Each line of the material below is to be written out exactly. Leave out any picture.

* [SOURCE INFORMATION]:
##############################

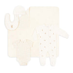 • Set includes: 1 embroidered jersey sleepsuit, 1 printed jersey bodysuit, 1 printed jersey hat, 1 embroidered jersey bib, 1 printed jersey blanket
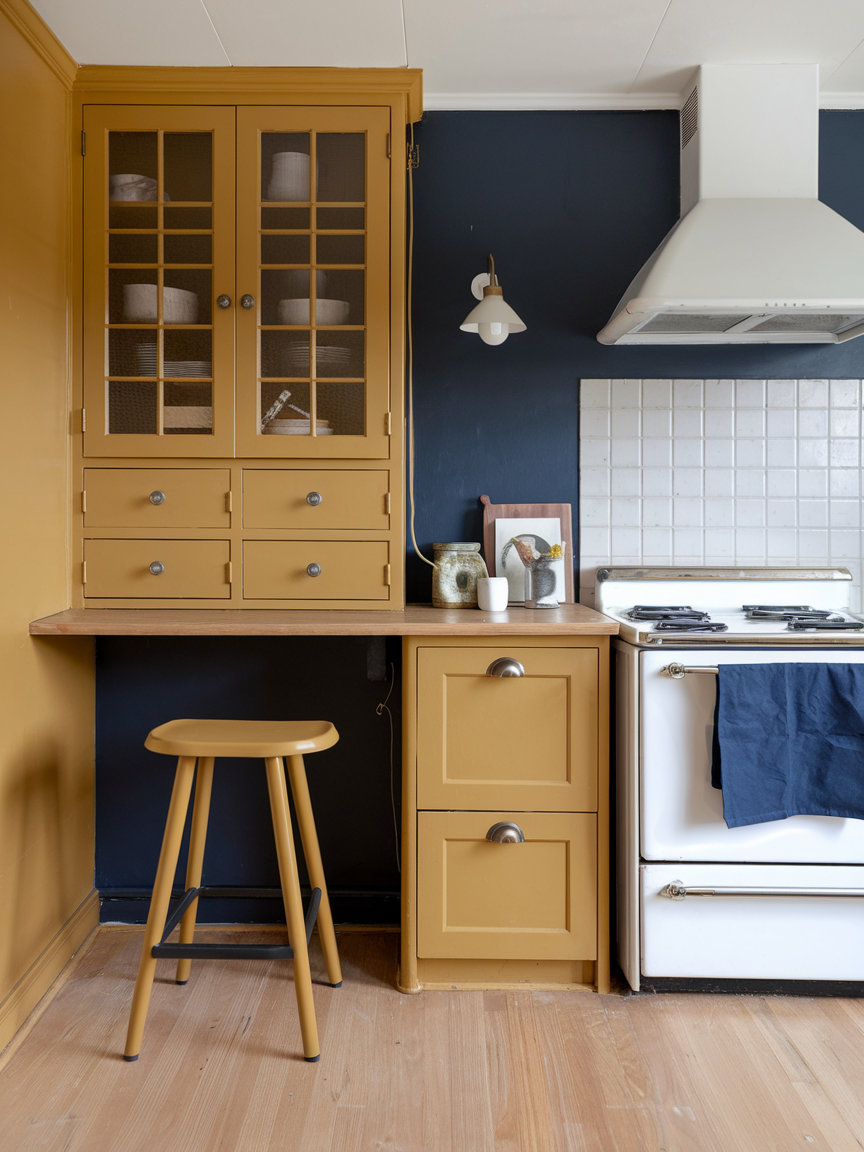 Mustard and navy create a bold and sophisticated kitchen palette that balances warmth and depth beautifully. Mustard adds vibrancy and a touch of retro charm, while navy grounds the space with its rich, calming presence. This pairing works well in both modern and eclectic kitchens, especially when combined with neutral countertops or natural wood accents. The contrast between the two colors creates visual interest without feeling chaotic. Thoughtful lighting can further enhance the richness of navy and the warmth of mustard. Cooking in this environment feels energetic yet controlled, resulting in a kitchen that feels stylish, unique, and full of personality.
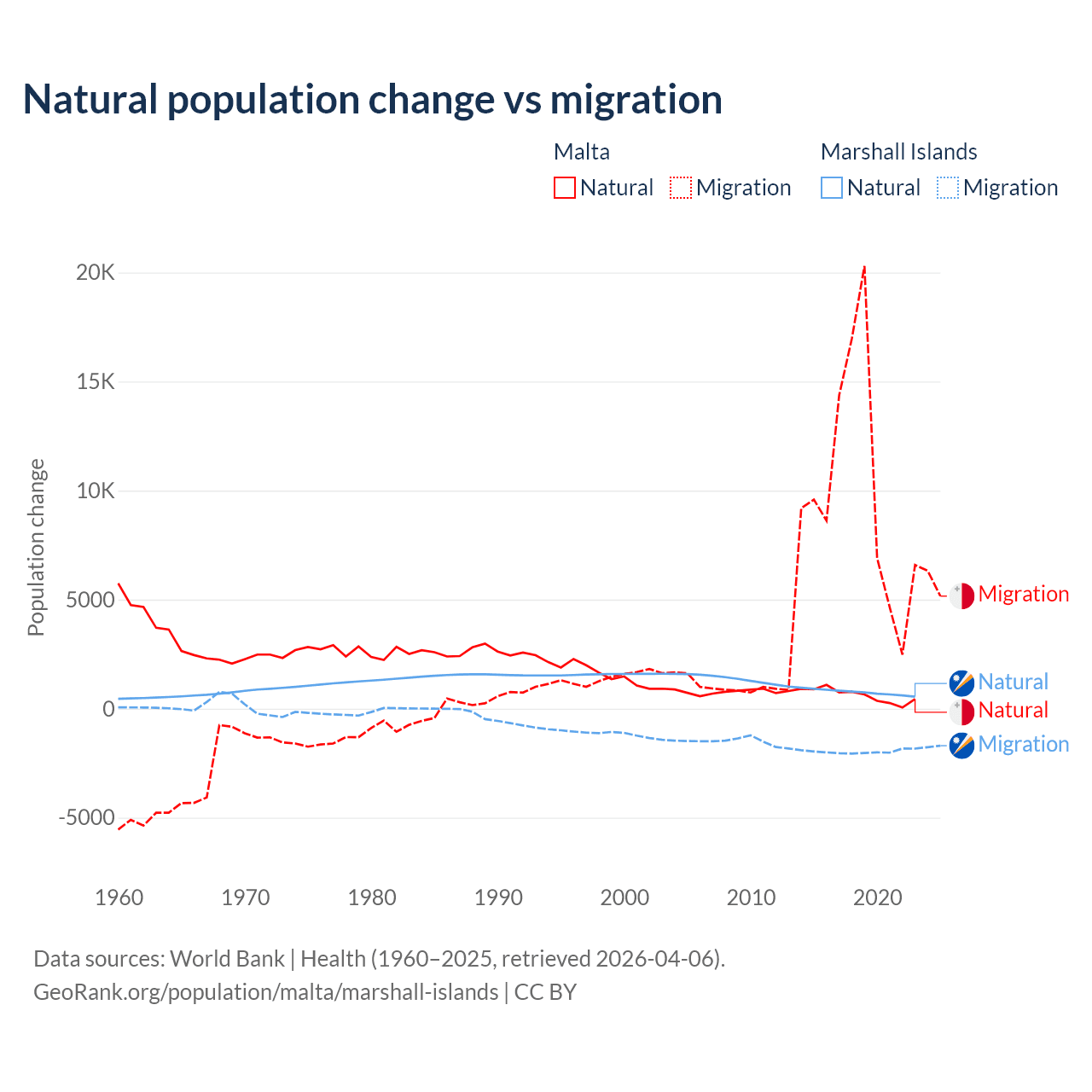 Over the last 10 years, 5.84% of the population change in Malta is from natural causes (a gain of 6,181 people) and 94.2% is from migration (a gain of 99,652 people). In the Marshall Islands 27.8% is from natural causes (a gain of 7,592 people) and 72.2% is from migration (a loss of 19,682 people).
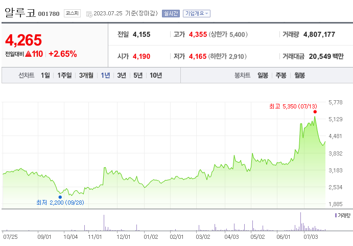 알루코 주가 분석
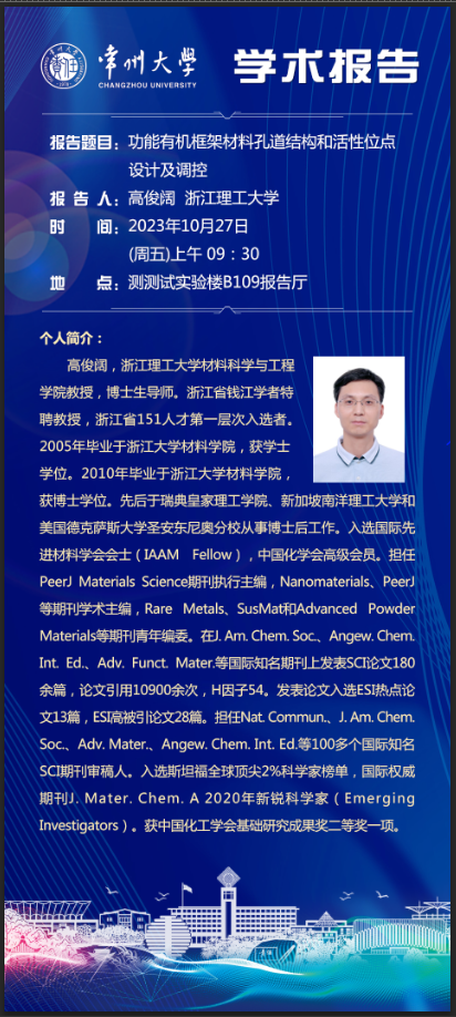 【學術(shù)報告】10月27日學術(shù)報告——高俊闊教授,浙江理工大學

##############################

* [WRITTEN REPLY]:
 • Set includes: 1 embroidered jersey sleepsuit, 1 printed jersey bodysuit, 1 printed jersey hat, 1 embroidered jersey bib, 1 printed jersey blanket
 Mustard and navy create a bold and sophisticated kitchen palette that balances warmth and depth beautifully. Mustard adds vibrancy and a touch of retro charm, while navy grounds the space with its rich, calming presence. This pairing works well in both modern and eclectic kitchens, especially when combined with neutral countertops or natural wood accents. The contrast between the two colors creates visual interest without feeling chaotic. Thoughtful lighting can further enhance the richness of navy and the warmth of mustard. Cooking in this environment feels energetic yet controlled, resulting in a kitchen that feels stylish, unique, and full of personality.
 Over the last 10 years, 5.84% of the population change in Malta is from natural causes (a gain of 6,181 people) and 94.2% is from migration (a gain of 99,652 people). In the Marshall Islands 27.8% is from natural causes (a gain of 7,592 people) and 72.2% is from migration (a loss of 19,682 people).
 알루코 주가 분석
 【學術(shù)報告】10月27日學術(shù)報告——高俊闊教授,浙江理工大學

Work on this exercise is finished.